The best fitting split sample CFA model was assessed for measurement invariance for caregiver respondent gender (male or female), and child gender (boy or girl). Measurement invariance tested typically involves tested nested hypotheses: H1) configural invariance (equal factor structure); H2) metric invariance (equal factor loadings); H3) scalar invariance (equal item thresholds); and H4) strict invariance (equal item residuals) [73]. However, because strict invariance is overly restrictive in real world practice, findings of configural, metric, and scalar invariance are acceptable [73]. Furthermore, if items are cross-loaded on more than one factor, metric invariance is not available for categorical data in Mplus; rather comparisons should be made using the scalar invariance model [84]. We employed Mplus chi-square difference testing (χ2diff) when comparing nested CFA models, as chi-square difference is not distributed as chi-square in WLSMV estimation [65].

Results

Descriptive statistics and correlations

Compared to normative data (based on a sample of UK children) [7], the current sample is at the high-normal range for Total Difficulties (M = 12.78, SD = 5.99); borderline range for Emotional Symptoms (M = 3.87, SD = 2.80); high-normal range for Conduct Problems (M = 1.97, SD = 1.87); normal range for Hyperactivity (M = 4.27, SD = 2.22); borderline range for Peer Problems (M = 2.65, SD = 1.88); and normal range for Prosocial Behavior (M = 7.93, M = 1.91).
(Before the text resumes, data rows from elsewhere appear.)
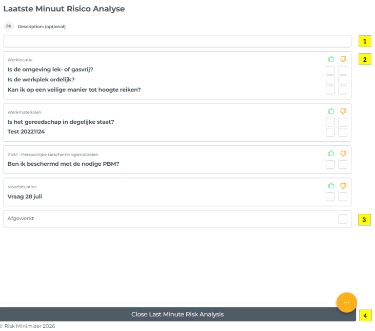 - Je kan een duimpje omhoog of omlaag geven. Bij een duimpje omhoog kan je optioneel een positieve melding koppelen. Bij een duimpje omlaag ben je verplicht om een onveilige melding aan te maken. Deze opent automatisch en na het aanmaken, kan je verder gaan met de LMRA.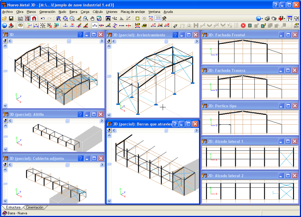 Es posible abrir una ventana con una vista 3D que sólo contenga una parte de la estructura. Para esto se ha implementado la opción Vista 3D de una parte de la estructura en el diálogo Vista Nueva (menú Ventana > Abrir nueva). Las ventanas 3D con representación parcial de la estructura ofrecen al usuario una importante ayuda en la entrada de datos, especialmente para estructuras complejas.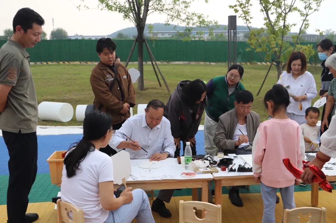 活动伊始,我们邀请书法大师,带领孩子们和家长一起体验书法的魅力。墨香四溢中,一笔一划间,孩子们不仅学会握笔、运笔的基本技巧,更感受到书法所蕴含的深厚文化底蕴。家长与孩子并肩作战,共同书写“国庆快乐”、“祖国万岁”等字样,一幅幅作品跃然纸上,墨趣童心,乐在其中。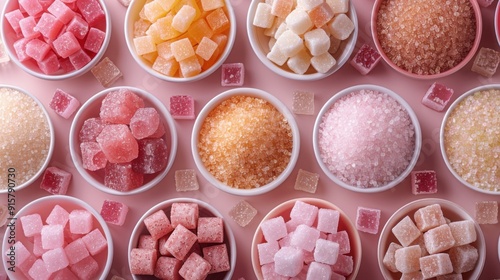 Several bowls of sugar cubes and sugar cubes are arranged in rows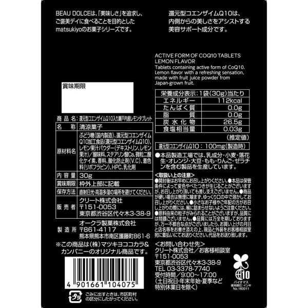matsukiyo BEAU DOLCE 환원형 코엔자임Q10 함유 세토내해산 레몬 타블렛 30g > 하드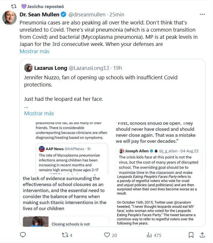 POSTCOVID HACE ESTRAGOS (EN INGLÉS) Dr. Sean Mullen @drseanmullen Los casos de neumonía también están alcanzando su punto máximo en todo el mundo. No piense que eso no está relacionado con el COVID. Hay neumonía viral (que es una transición común del COVID) y bacteriana (neumonía por micoplasma). La MP está en niveles máximos en Japón por tercera semana consecutiva.
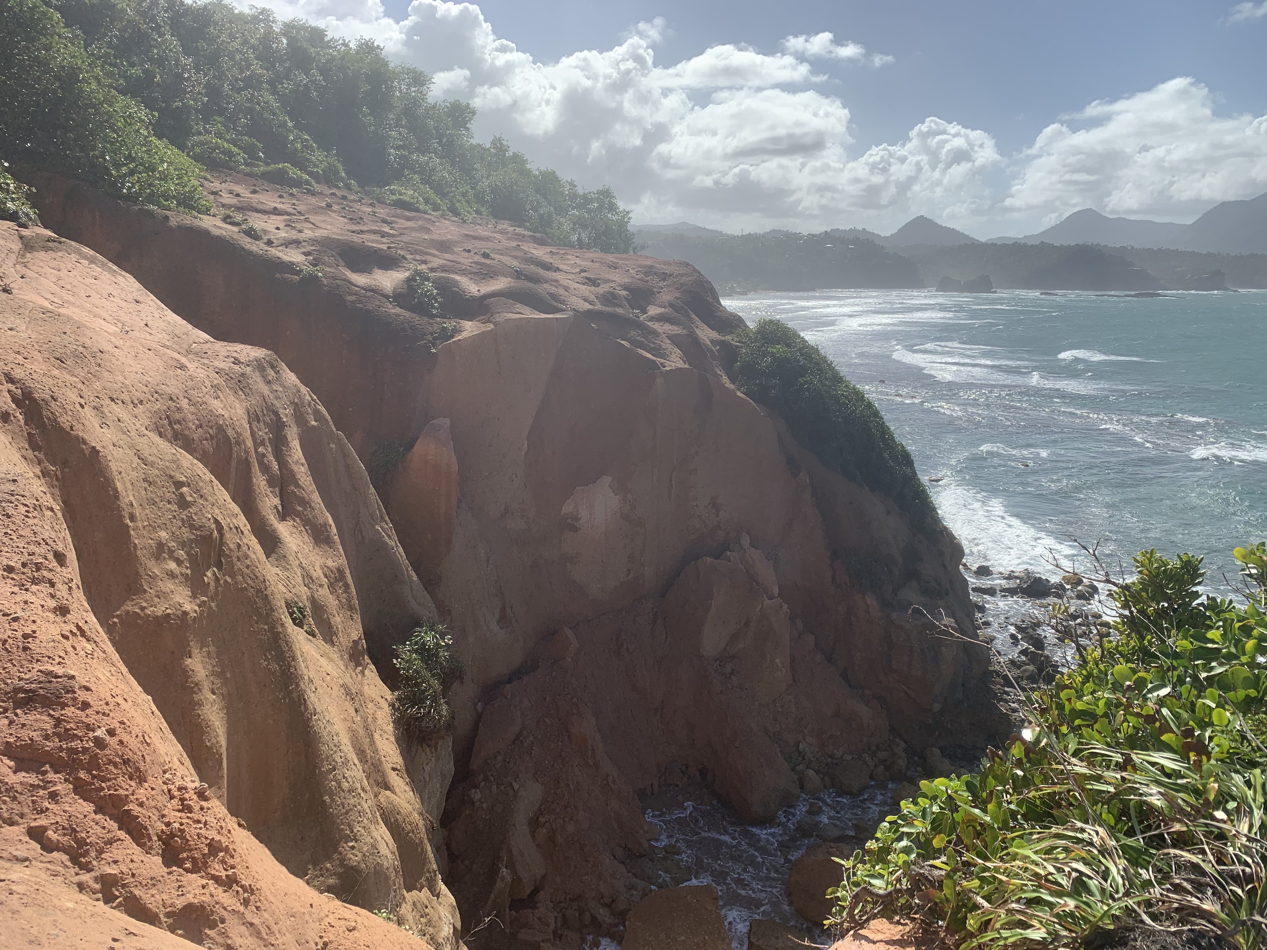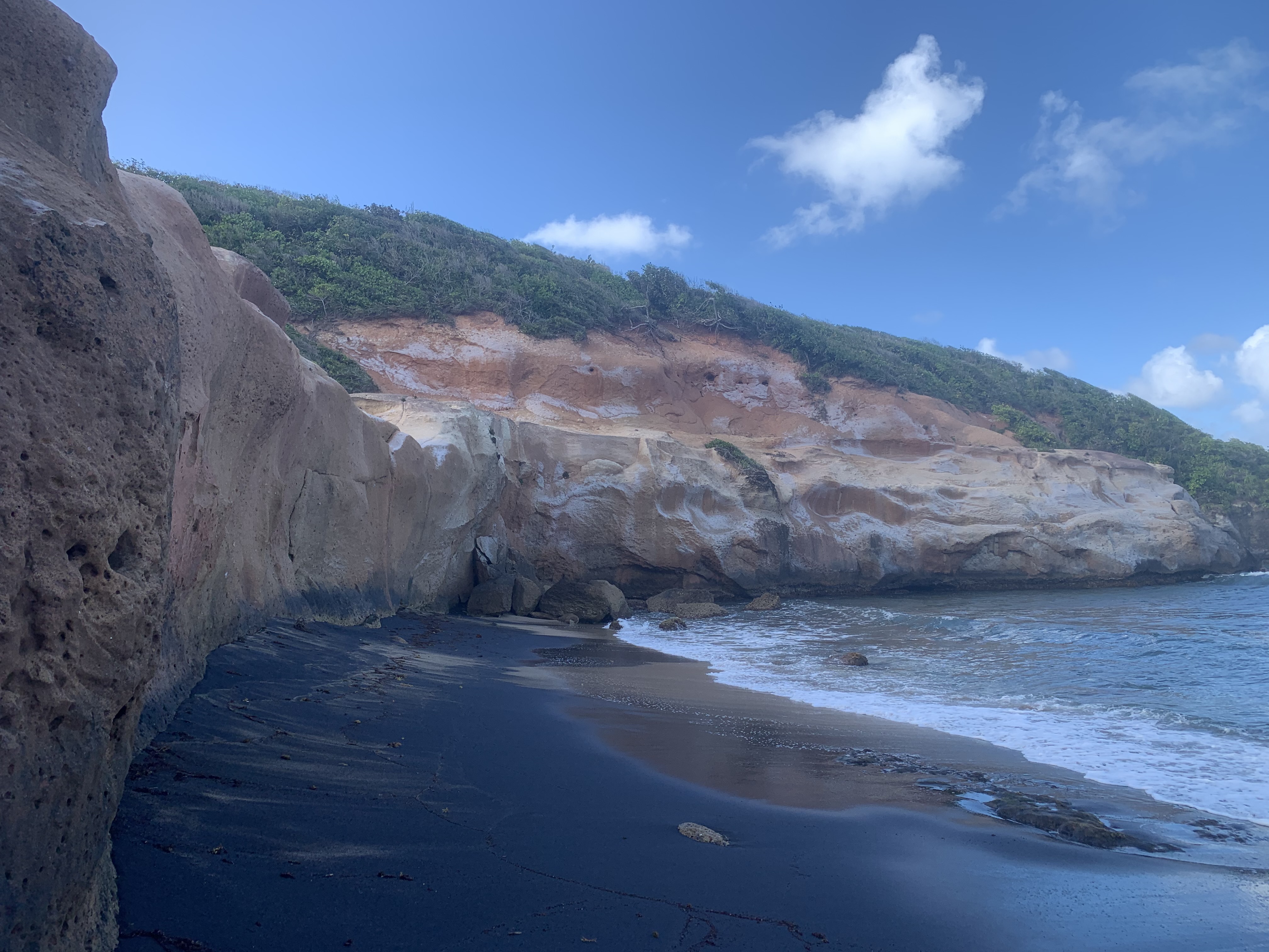 Red Rocks: Was so aussieht wie rote Felsen, ist eigentlich roter Lehm, wobei Eisen aus den Vulkanen der Insel dem Lehm die Farbe verleiht. Wie sie auch immer entstanden sie, die Red Rocks sind ein schönes Naturschauspiel, inklusive dem benachbarten Strand mit schwarzem Sand.

While no comparative data for Honduras are available, Goodman et al. presented SDQ data collected from a rural setting in Brazil with a sample of relatively poor parents [50]. Compared to these data, the Honduran parents and other caregivers from Intibucá in the current study showed lower Total Difficulties, Emotional Symptoms, and Conduct Problems scores; comparable scores for Hyperactivity; higher scores for Peer Problems; and lower scores for Prosocial Behavior [50]. Some differences were also seen between the Honduran respondents and the Chilean parent-reported data presented by Gaete et al. [51]. Specifically, Honduran parents and other caregivers had higher mean Emotional Symptoms, Hyperactivity, and Peer Problems scores, comparable mean Conduct Problems scores, and lower mean Prosocial Behavior scores [51]. Polychoric correlations between items were acceptable for the full sample (Table 1). The Kaiser-Meyer-Olkin (KMO) test was quite close to good (> = 0.80) at 0.796, and a statistically significant Bartlett’s test of sphericity showed that factor analysis was appropriate for this correlation matrix: χ2 = 2,465.77 (df = 300), p < 0.001 [76].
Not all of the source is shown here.